How VC4Africa is connecting African entrepreneurs with investors

SMEs are said to play a pivotal role in any economy, yet entrepreneurs running small businesses struggle to access financing and most collapse before their third anniversary. Venture Capital for Africa (VC4Africa) is an online platform that facilitates funding and mentorship by connecting entrepreneurs with venture capitalists. VC4Africa founder Ben White told How we made it in Africa’s Dinfin Mulupi about the platform’s efforts to bridge early stage funding gaps and encourage local and foreign investment in African businesses. Below are excerpts.

Ben White

Ben White

What was the inspiration behind VC4Africa?

VC4Africa is a community that has grown organically over the years. It started at the annual congress of the African Venture Capital Association in Dakar, Senegal in 2006. At this meeting it was made clear that innovative early stage ventures with the potential to yield high social and environmental impact and requiring less than US$500,000 in financing, remain the most difficult segment of the SME pipeline to reach. The perceived challenges of businesses operating in an African context, higher costs of due diligence, and the inexperience of the investors and entrepreneurs are some of the reasons that hinder economic activity.

It is very easy for entrepreneurs to fundraise through VC4Africa. After a one click signup it is possible to register a venture profile and seek out partners. Entrepreneurs should follow the five simple steps to fundraising on VC4Africa, one of the many self-help tools we offer. Once the fundraising request is screened and approved by our team, the venture is put into fundraising mode and made available to the VC4Africa Investor Network.

What are the key milestones VC4Africa has achieved?

The VC4Africa community has evolved into what is now the largest peer-to-peer network of entrepreneurs, angel investors and early stage venture capital firms dedicated to building Africa’s greatest companies. So far, entrepreneurs have raised more than $1 million in funding and joint ventures and investments have been secured by members in countries as diverse as Cameroon, South Africa, Egypt, the United States, Kenya, Nigeria, the Netherlands, Somalia and Zambia.

I am always amazed to see how far this entrepreneurial movement extends, and there are great businesses being built in markets like Burundi and Somaliland. The great thing about the internet is that we can link entrepreneurs and resources beyond the borders of the known tech hubs. Listed entrepreneurs have access to free online tools, mentorship opportunities and private deal rooms.

Registered investors are able to see which screened ventures are fundraising, track their progress and review private documents. To date we have processed more than 1,000 venture applications and more than 500 profiles are published publicly to the website. The ventures on VC4Africa are early stage and require investments between $10,000 and $1 million.
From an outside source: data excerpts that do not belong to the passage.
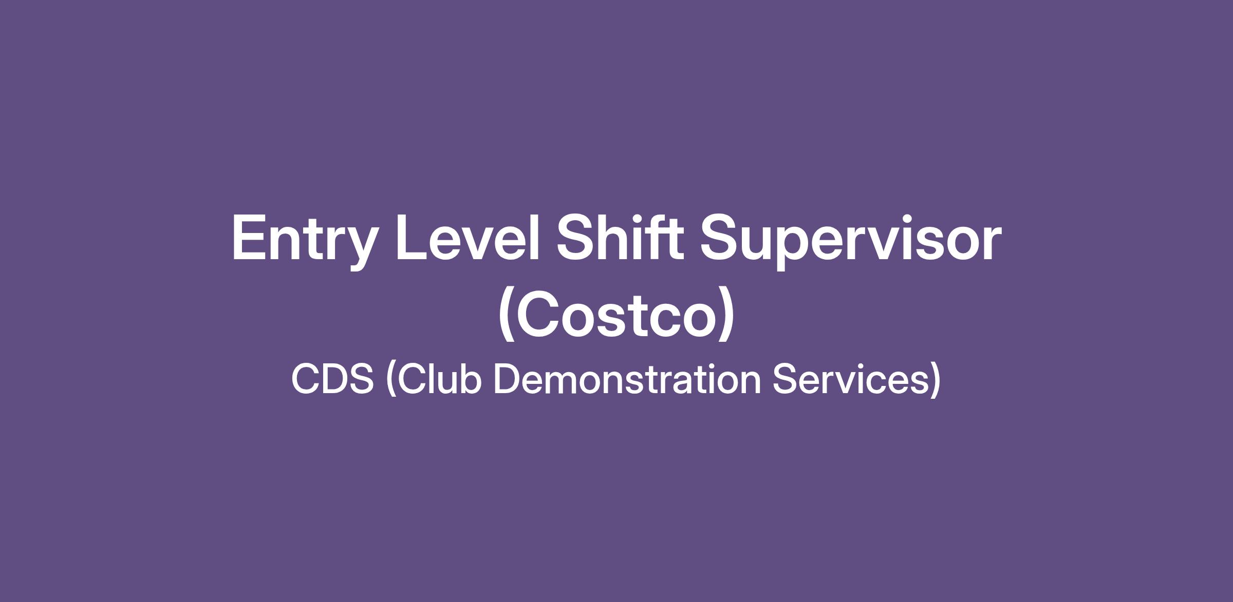 Entry Level Shift Supervisor (Costco)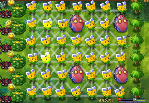 第十列种植地雷,第九列种植黑曜石,其次,尽快的将激光南瓜铺到第八列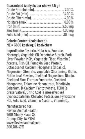 Glycerin, Molasses, Sucrose, Macrogol, Vegetable Oil, Vegetable Starch, Pork Liver Powder, MSM, Vegetable Fiber, Vitamin E Acetate, Fish Oil, Pumpkin Seed Protein, Octacosanol, Calcium Phosphate (dibasic), Magnesium Stearate, Vegetable Shortening, Biotin, Nettle Leaf Powder, Chelated Magnesium, Niacin, Chelated Zinc, Ferrous Fumarate, Chelate Manganese, Thiamine Mononitrate, Riboflavin, Selenium, D-Calcium Pantothenate, TBHQ (a preservative), Citric Acid (a preservative), Cyanocobalamin, Chelated Potassium, Pyridoxine HCl, Folic Acid, Vitamin A Acetate, Vitamin D3.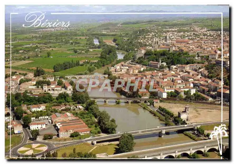 Cartes postales moderne Beziers vue generale au fond le pont vieux 12e siecle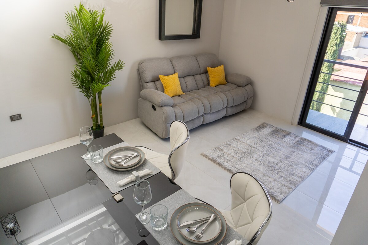 Ժամանակակից և հարմարավետ բնակարան ՝ Չիուահուայի Պարալ քաղաքի կենտրոնում գտնվող Մինա լա Պրիետային նայող կտուրով Բարի գալուստ Պարալի սրտում գտնվող մեր հարմարավետ և ընդարձակ բնակարան ։ Իդեալական է ընտանիքների, ընկերների կամ բիզնես ուղևորների համար ։ Այն առաջարկում է հարմարավետություն և հարմարավետություն մեկ տեղում ։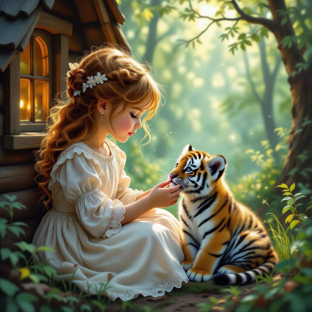 A striking picture of a young Victorian girl with auburn hair, sitting next to a cabin in an enchanted forest. She gently pets a baby tiger cub in this detailed matte painting.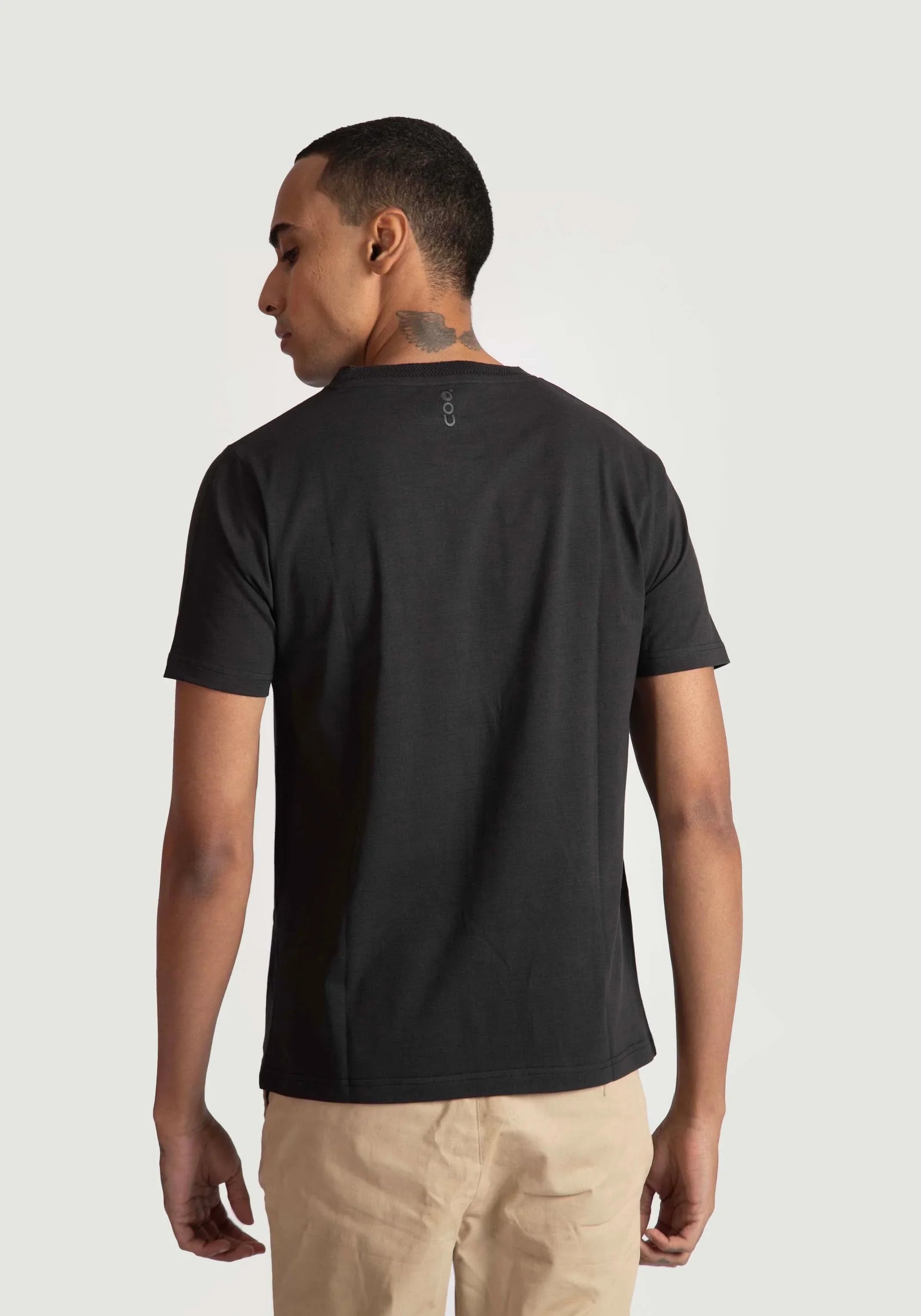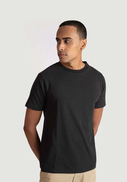 Practicality stands out. The regular fit black tee for men is machine-washable. The fabric resists fading. The black shade stays bold. This tee is ready for daily rotation in your closet.

The primary sectors include mobile, web, renewable energy, sustainable agriculture and healthcare, among others.

How does the platform make money?

We have seen tremendous growth in our venture pipeline over the last year, and this gives us a unique opportunity to begin rolling out a premium-level service to our investor network, at pricing levels that accommodate the spectrum of individual angel investors up to large institutional fund managers. For example, say an investor wants to conduct a financial due diligence on a company they find interesting. This is something VC4Africa can facilitate via its network of trusted partners like BDO, the fifth largest tax consultancy firm with offices in 15 African countries. We also host competitions and challenges in collaboration with like-minded partners. We are currently working to launch a video pitch competition and would like to host a series of investor roundtables bringing both foreign and local investors together. We are currently working to identify sponsors for these activities that are needed to further mobilise necessary networks and resources.